The most precise instrument on the planet to measure energy accumulating in the climate system is Argo. The climate models all predicted Argo would see heat accumulating in the ocean. Argo showed that energy is not accumulating. This failure is scientific falsification of AGW.
It is the equivalent of Einstein’s theory of relativity predicting that gravity would bend light, and then no bending of light being observed. Had that been the case, the theory of relativity would have been discarded.
All it takes to disprove a theory is a single example where it is shown to be wrong. Argo has shown this. In stark contrast to AGW, General Relativity’s predictions have been confirmed in all observations and experiments to date.
http://en.wikipedia.org/wiki/General_relativity
I believe, that the Fig.5 trend is too short for any meaningful comparison. It would be better also to compare also just North Atlantic SST record vs models; the discrepancy is even more pronounced.
http://oi56.tinypic.com/wa6mia.jpg
KR says “a minimum of 17 years is needed to establish a linear trend with any confidence (Santer et al. 2011). … demonstrating that 17 years is a minimum requirement”
Any minimum period needs to be supported by broader physical reasoning. And the broader reasoning needs to be resilient when new data comes to hand. As somebody already mentioned above, climatologers do not appear to be capable of supporting any period for statistical aggregation. Analysis and arguments jump about to suit the latest set of circumstances.
Who’s gonna be convinced by arguments that simply drop some of the variance into a bucket labelled “noise”, and then propose a minimum aggregation period to filter away the “noise”. That’s a form of cherry-picking.
KR: “Looking at the temperature record against the range of the models shows that >95% of the observations are within the model range. That’s not bad at all.”
It’s hard to imagine a softer measure to claim that the models are “not bad”. I could model a simple mathematical process like sin(X) by producing a random number generator whose values lie in the range [-1.0,+1.0]. 100% of the random numbers would be within the range of sin(X). Surely an astounding result by your argument (beats 95%). Does that make my random number generator a good estimator of sin(X)?
KR says:
December 27, 2011 at 5:20 pm
Looking at the temperature record against the range of the models shows that >95% of the observations are within the model range. That’s not bad at all.
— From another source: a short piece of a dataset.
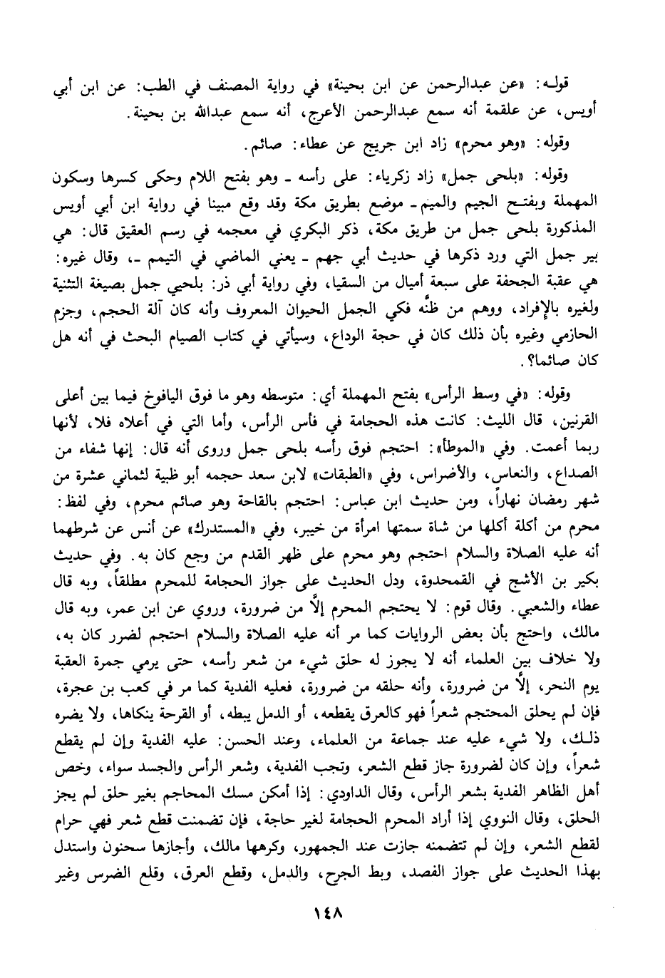 وقوله: "بلحى جمل" زاد زكرياء: على رأسه -وهو بفتح اللام وحكى كسرها وسكون المهملة وبفتح الجيم والميم- موضع بطريق مكة وقد وقع مبينا في رواية ابن أبي أويس المذكورة بلحى جمل من طريق مكة، ذكر البكري في معجمه في رسم العقيق قال: هي بير جمل التي ورد ذكرها في حديث أبي جهم -يعني الماضي في التيمم-، وقال غيره: هي عقبة الجحفة على سبعة أميال من السقيا، وفي رواية أبي ذر: بلحمي جمل بصيغة التثنية ولغيره بالإفراد، ووهم من ظنِّه فكي الجمل الحيوان المعروف وأنه كان آلة الحجم، وجزم الحازمي وغيره بأن ذلك كان في حجة الوداع، وسيأتي في كتاب الصيام البحث في أنه هل كان صائما؟.

A straight line showing a 0.7C per century increase for the past 350 years performs equally well. Does it have skill in predicting the next century?
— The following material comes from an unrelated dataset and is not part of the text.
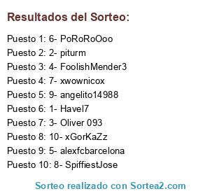 Lista de participantes: 1- Havel7, 2- piturm, 3- Oliver 093, 4- FoolishMender3, 5- alexfcbarcelona, 6- PoRoRoOoo, 7- xwownicox, 8- SpiffiestJose, 9- angelito14988, 10- xGorKaZz.

http://en.wikipedia.org/wiki/File:CET_Full_Temperature_Yearly.png
Any competent modeller can curve fit a parametrized model to fit the historical data. It it didn’t, you would be fired and the model parameters would be adjusted by your replacement(s) until it did. However, such a model typically has zero skill at forecasting, because of parameter sensitivity.
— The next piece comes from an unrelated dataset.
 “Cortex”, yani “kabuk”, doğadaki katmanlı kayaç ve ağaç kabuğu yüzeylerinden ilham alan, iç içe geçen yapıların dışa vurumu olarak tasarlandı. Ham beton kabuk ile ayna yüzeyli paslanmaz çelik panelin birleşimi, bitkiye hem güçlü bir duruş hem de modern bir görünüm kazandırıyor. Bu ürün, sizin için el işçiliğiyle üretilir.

Like driving a car, even a small error in the steering will result in the car going off the road even on a perfectly straight road. The same with forecasting. Just a small error in the model will drive the forecast off the road. However, with a car the driver corrects course via feedback. There is no feedback available for the future, thus the longer the forecast, the less reliable.
What is notable about the models is that the errors increase as the length of the hindcast increases. this suggests that climate is not subject to the Central Limit Theorem – that the errors will not average out over time.
This has huge statistical implications for climate forecasting, because it suggests that accurate long term climate forecasting is not possible given our current mathematical methods. Inaccurate forecasting will of course still be possible.
Bob, The suggestion to turn these posts into peer-reviewed papers has been made before, and the answer given was that it is more important to disseminate the information on the web. I still think it is worth while publishing a series of papers with a view to advancing the debate in the formal scientific press. Easy for me to say, lots of work for you. best wishes,
KR says: “I think you could (cherry)pick multiple 4, 9, and 12 year periods from the data and get any slope you wanted.”
I explained how the periods were selected. Your need to classify them as cherry picked indicates you are arguing without having read the post. And that’s confirmed by your the rest of your arguments in your December 27, 2011 at 9:03 pm comment. I’ve discussed, illustrated and animated the processes that cause those upward shifts in Sea Surface Temperature in posts linked above. If you understood the topic of discussion, you might not feel the need to present such weak arguments.
Arno Arrak says: “As an example, Pinatubo eruption was followed by the 1992 La Nina which was quickly pronounced to be caused by its volcanic cooling power. But if the eruption takes place when a La Nina has bottomed out and an El Nino is beginning to form the eruption is not followed by any trace of cooling.”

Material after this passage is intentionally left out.